It falls within reason that visiting a Lego-branded space should be exactly like going to a candy emporium or the Apple Store: all the colors of the rainbow, worlds of connectible discovery available for all to fondle, a dude in a Lego-ized Indiana Jones costume high-fiving you en route to the cash register. But the sad truth is that Lego-branded spaces aren’t much different than the Lego areas in department stores. Lego stores carry the sets everybody carries—Transformers, Ninjago, Star Wars, and its “City” series—plus some girl-centered sets and products for those who want to build Lego replicas of the Space Shuttle or the White House and key chains of popular figurines and bins of blocks and pieces for sale in eye-popping oranges and reds and blues. But man, this is a Lego Store. That’s not enough.

On a good day, you might luck into an outlier, like a set that celebrates D.C. or Marvel heroes in conjunction with movie franchises, or Lego’s eerie “Monster” series of dioramas; don’t hold your breath expecting to find related video games. In some of these stores, the creatively inclined can cobble together figures from a grab-trough of torsos and heads and legs and accessories.
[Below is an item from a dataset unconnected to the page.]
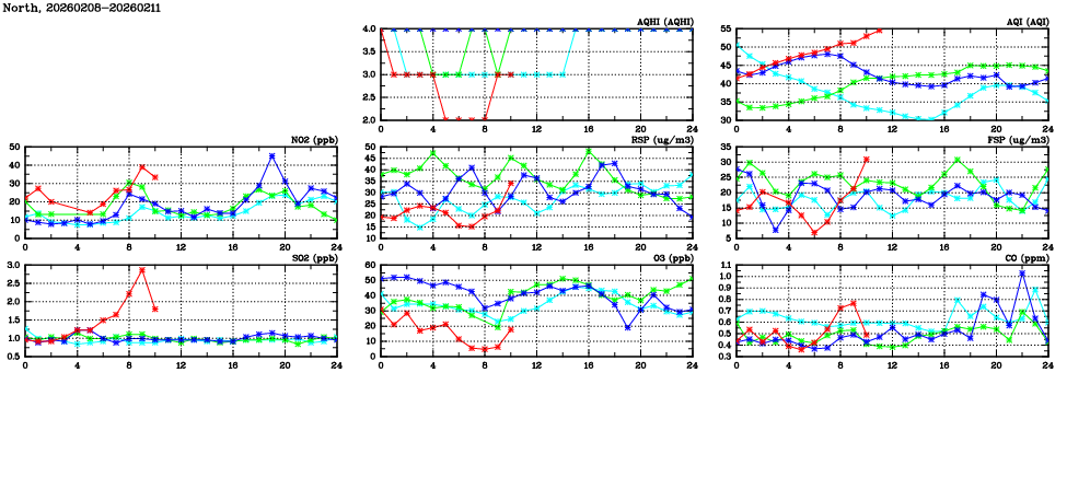 | Air Quality Data Time Series in North (2026/02/11) | ( Line colors: Day -3 Day -2 Day -1 Current day ) | 2D Map Current AQHI |

Lego World—my family recently visited one near the Dallas/Fort Worth area—marries a Lego Store to a variety of family-friendly attractions, like one where kids get to help “manufacture” Lego bricks and everyone piles into a ride and zaps baddies in the darkness with laser guns; there’s a 4D movie where the audience gets soaked, and a site where everyone and build and race Lego mobiles. You know those huge gumball machines full of gumballs? Well, Lego World has humongous pillars like that, full of millions of Lego bricks, which is somehow redolent of whimsy and a ballsy display of corporate might at the same time. There are also Lego bricks here and there bigger than your cousin’s Vespa.

And, you know, all of that was a lot of fun, and my son thanked us about 1000 times, but none of this makes up for the fact that if you name a store after your brand, your store should be huge and endless and awesome. Whether you’re five or 50, you should go to that store and come away bragging to everybody that you were there, and that there was almost too much to take in. That store should be beyond belief; it should be possible to get lost in there. Brand-theme stores should not be airy and reasonably laid out and “open concept.” You should not come back from visiting that store without a t-shirt because there were almost no t-shirts to buy. Your son shouldn’t have to go to the games shop in another part of the mall where Lego World is because that games shop has an Avengers-tie in Lego set that Lego World couldn’t bother to stock. And I’m reading your mind: the even-handed rebuttal insists that we’re living in a post-bricks ’n’ mortar world, that the real action’s permanently online. I’d like to call bullshit on this mindset, and demand that business return to the imperative that more—too much, even—is better. That the masses want to be dazzled by clutter and buried in heaps of quickly dated pop-culture junk and harassed by inquisitive clerks bustling by, arms loaded with more and more merchandise.

Whatever happened to unzipping and whipping it out in front of the buyer in a way that implied, if not lovingly, the symbiosis between shopper and business? Whatever happened to the shrill, yearning howl of in-person commercial-industrial complex dissonance?